あのかわいい店長さんが「たいへん申し訳ありませんが、……ウンヌンカンヌン」と言っているが、私の脳ミソはすでに便器で埋め尽くされていたので、「ああ、ハイハイ、ちっともかまいませんよ」とナマ返事をして早々に電話を切った。

その30分後、またスマホが鳴る。こんどこそ便所掃除じゃ!とよろこびいさんで出ると、「あのう、A会社ですが……」
はあ? A会社?

「コールセンターの応募ですが、採用になりましたので、来週月曜日から来られますか?」

はあああああ? ………………そうだった。そういえば、去年A会社のコールに応募してたんだなあ。

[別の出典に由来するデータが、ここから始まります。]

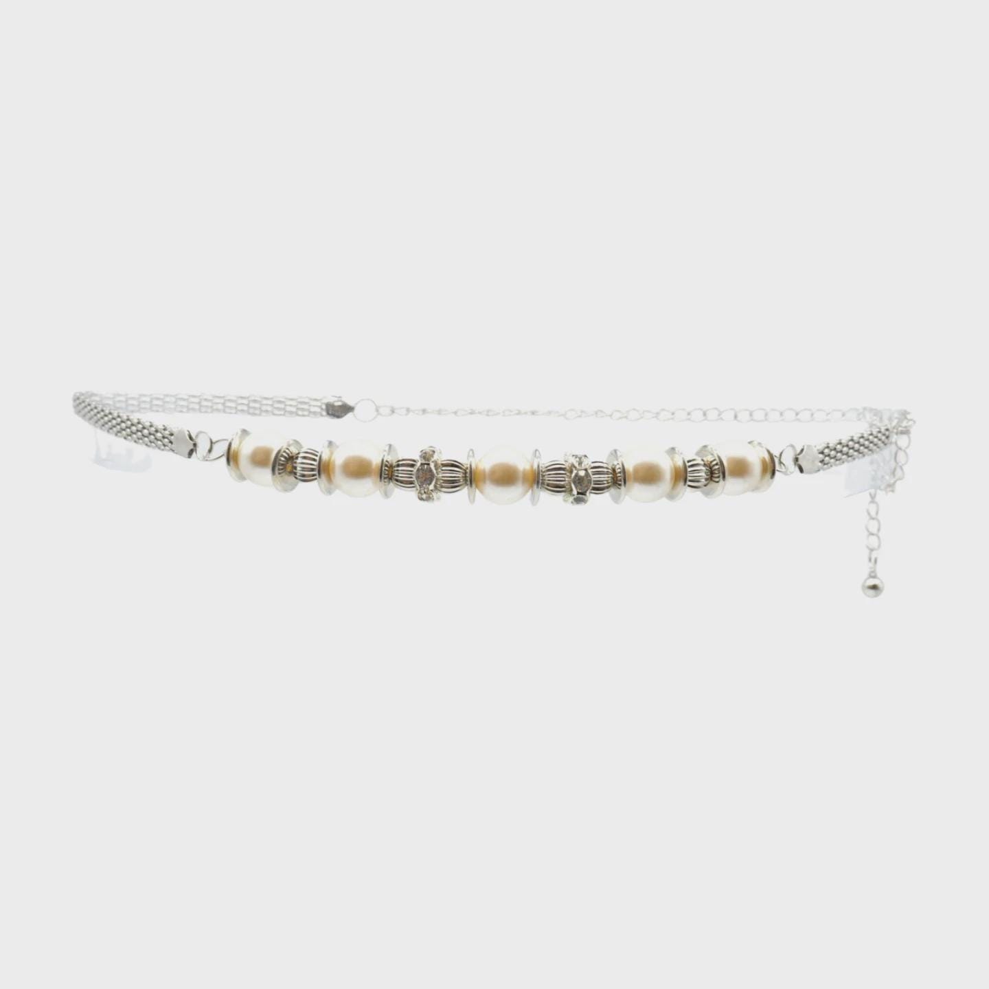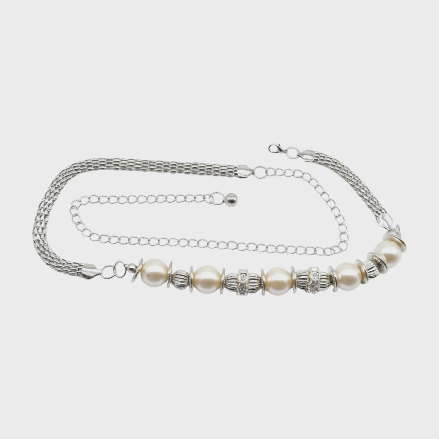 Silver Chain Belt with Imitation Pearl Beads - Adjustable Fit

そんなむかしのハナシ、もう忘れてたわ。
てか、そうだ、思い出した! だってさ、面接のヒトがふたりして「この仕事はむずかしい、むずかしい」って連呼してたから、もうやる気ないんだけど。

いま私のアタマには便器しか存在しない。
そこで私は「すみません、そのお仕事は私にはとてもできそうにありませんから、せっかくですが辞退させていただきます」とあっさり言った。

こんどはA会社のヒトが仰天したらしく、「ええっ?! でも……応募……されたんですよね?」
私「はい、なにも知らなかったので面接にも行きましたけど、私にはむずかしすぎます。トシがトシなので記憶力の低下もヒドいし、そちらにご迷惑をおかけすることになります。いまは便…、じゃなくて、べつの仕事を探していますので」

すると、先方さんは「ちょっとお待ちください」と言って、電話を保留にした。
保留メロディーは、ビバルディの「春」だ。ド、ミミミーレドソー、ソファミミミーレドソー、ソファミーファソファミレシソ♪ うん、この曲大好き♪

しばし「春」を聞くこと7回、そろそろ「夏」を聞きたいなあと思いはじめたころ、
「あのー、先日面接をしたN本ですが」とべつのヒトが出てきて、「いや、大丈夫ですよ、ちゃんとご指導いたしますし、さいしょはかんたんな内容からはじめますから」

と、N本さんはどういうわけか、こんなおばはんに対して熱く説得をはじめたのだった。
そういえば、ハロワで聞いたけどほとんど応募者がいなかったし、お困りでいらっしゃるようで。んでも、私は便器をみがきたい。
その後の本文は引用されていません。